Сейчас мне казалось, что смотрю я в свое детство с самолета и очень многое видится отчетливо, точно все это находится где-то рядом, будто поднялся я невысоко, всего на несколько метров. Я хочу заглянуть подальше, в самое начало, но мое детство затянуло облаками, и я уже вспоминаю только то, что рассказывала мать.

Рос я слабым, болезненным, едва оклемаюсь от одной болезни, уже другая караулит, в общем, как говорят, не понос, так золотуха. У матери руки опускались, но она все-таки выходила. Ушла куда-то хворь, вырос я здоровым и крепким, но, видимо, ничего не проходит даром. Мать, отдавая себя нам, сама не береглась.

А вот на фотографии Вера. Вспоминая ее маленькой, я с удивлением заметил, что не помню, как она выросла. Забьется куда-нибудь под кровать и играет там себе целый день с куклами. С ней было хорошо водиться: отгородишь скамейками, стульями, чтоб не уползла, и айда с ребятишками на реку. Прибежишь обратно, она спит в углу. Росла тихо, незаметно, ничего с ней не случалось, разве что однажды объелась белены. Вот Костю, этого запомнил сразу, едва принесли из роддома. Орал по ночам, не переставал орать и днем, прерывался только, когда ел. «Вместо радио можно слушать», — смеялся отец. Едва научился говорить, как сразу же стал командовать. Ляжет в кроватку, прищурит свои разбойничьи глаза и требует: «Качай!» В пять лет уже вовсю катался на соседской козе; петуху, который поклевал его, он все-таки свернул шею. Отец любил его и баловал. «Весь в меня, сорванец», — частенько слышали от него.

Если для многих детство уходило медленно, у меня оно оборвалось как-то враз, хотя мать постаралась, чтобы жизнь шла тем же порядком. В тот год Вера пошла в первый класс, а тут родилась Наташка. Небольшой пенсии, которую мы получали за отца, не хватало, и мать взялась после работы мыть полы в конторе. Узнав об этом, я решил бросить школу.
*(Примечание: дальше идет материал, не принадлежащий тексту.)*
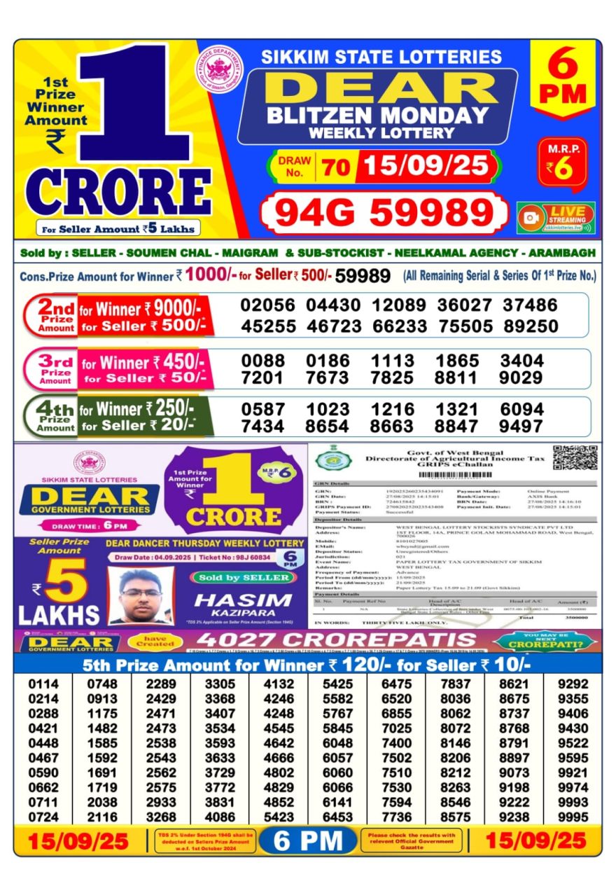Dear Blitzen 6pm Monday Weekly Lottery Result 15/09/2025

— Чего я здоровый буду сидеть на твоей шее, — сказал я. — Пойду работать, а десятый класс в вечерней школе закончу.

— Хватит нам денег, — ответила мать. — Живы будем, не умрем! А ты учись, Степа. Сил у тебя много, а ума на копейку. Успеешь еще наработаться…

Утром меня разбудила печь. Я приподнял голову. Рядом, свернувшись калачиком, спал Костя, Верина кровать была уже прибрана, с кухни несло запахом жареной картошки, дружно потрескивали дрова. Я тихонько, чтобы не разбудить брата, поднялся, натянул брюки.

В комнату заглянула Вера. Увидев, что я проснулся, она принесла рубашку.

— С порошком постирала. Сырую гладить пришлось, — сказала она. Мне стало неудобно перед сестрой, рубашку я не менял уже несколько дней.

— Буди его, — показала она глазами на Костю. — В школу собираться пора.

Я тронул брата за плечо, он засопел, сморщил лицо и вдруг резко натянул на голову одеяло.

— Вот всегда так, — вздохнула Вера. — Все нервы повытягивает.

— Скажешь тоже, — высунулся из-под одеяла Костя. — Я это всегда нарочно, чтоб тебя позлить. Если хочешь — с сегодняшнего дня буду вставать раньше.